Dry eye in patients undergoing LASIK requires proactive approach when detecting, managing

February 15, 2009
Cheryl Guttman

Recognizing and treating dry eye disease before LASIK is an important strategy for mitigating patient unhappiness after surgery.

Key Points

Atlanta-Recognizing and treating dry eye disease before LASIK is an important strategy for mitigating patient unhappiness after surgery, said Steven E. Wilson, MD, during refractive surgery subspecialty day at the American Academy of Ophthalmology annual meeting.

"Not only are patients with existing dry eye at higher risk of developing a more severe condition after LASIK, but if the corneal surface is not optimized prior to surgery, the wavefront analysis can be confounded, leading to correction errors in a customized procedure," he continued.

"Remember, it can take longer for some patients to respond to cyclosporine," Dr. Wilson said. "In the phase III clinical trial, it took 3 months or longer for up to 40% of patients to achieve improvement in dry eye signs and symptoms.

"The addition of punctal plugs and alpha omega fatty acid dietary supplements may be beneficial," he added.

Initiating topical cyclosporine therapy may have an additional benefit for those patients, considering evidence that this treatment may halt the progression of dry eye disease, he said.

"This effect of cyclosporine has yet to be proven in a large, multicenter trial, but there are some published papers suggesting that at least a subgroup of patients can achieve long-term resolution of dry eye, even after topical cyclosporine is discontinued," Dr. Wilson said. "For this reason, we are doing patients a service to detect dry eye early in its course and treat them."

If significant findings of dry eye persist after 6 to 8 months of cyclosporine treatment, the patient is not considered a candidate for LASIK, he added.

Surface ablation may be contemplated, but it also can be risky, Dr. Wilson said.

Post-LASIK care

When LASIK is performed, cyclosporine is continued for at least 6 months after surgery, allowing time for nerve regeneration into the flap.

The combination of topical cyclosporine with nonpreserved artificial tears also is used to treat LASIK-induced neurotrophic epitheliopathy (LINE), a condition that can occur as an exacerbation of pre-existing dry eye or develop in patients who do not have signs or symptoms of dry eye prior to LASIK. LINE is characterized by dryness, grittiness, irritation, and punctate epithelial keratopathy often confined to the flap. The results of Schirmer's test are normal in these patients.

"Fluctuating vision is probably the most troubling problem for these patients, who just paid a lot of money for a procedure to improve their vision," Dr. Wilson said.

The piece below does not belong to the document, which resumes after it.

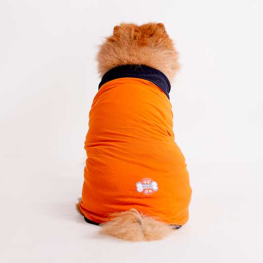 Orange Polo Dog Tshirt (Navy Blue Collar)

He noted that more than 85% of patients with LINE have responses to topical cyclosporine treatment within 1 month.

"Presumably, these individuals have an occult inflammatory dry eye condition that manifests itself clinically as a result of the added stress of cutting the corneal nerves and then responds to topical immunomodulatory treatment," Dr. Wilson said. "However, cyclosporine may also promote corneal nerve regeneration."

In patients whose conditions are not responding, lubricant ointments and punctal plugs may be added to their care, along with a bandage contact lens to manage fluctuating vision if the tear production is normal (Schirmer's test > 8 mm in 5 minutes).

"Even if LINE does not respond to topical cyclosporine, it usually spontaneously improves within 6 to 8 months," Dr. Wilson said.

The incidence of LINE, he added, appears to be lower when flap creation is performed with a femtosecond laser than if a mechanical microkeratome is used. In a study in which Dr. Wilson and colleagues compared eyes with a flap created using the 60-kHz femtosecond laser (IntraLase, Advanced Medical Optics) versus a mechanical microkeratome (Hansatome, Bausch & Lomb), the rates of post-LASIK dry eye were 8% and 46%, respectively.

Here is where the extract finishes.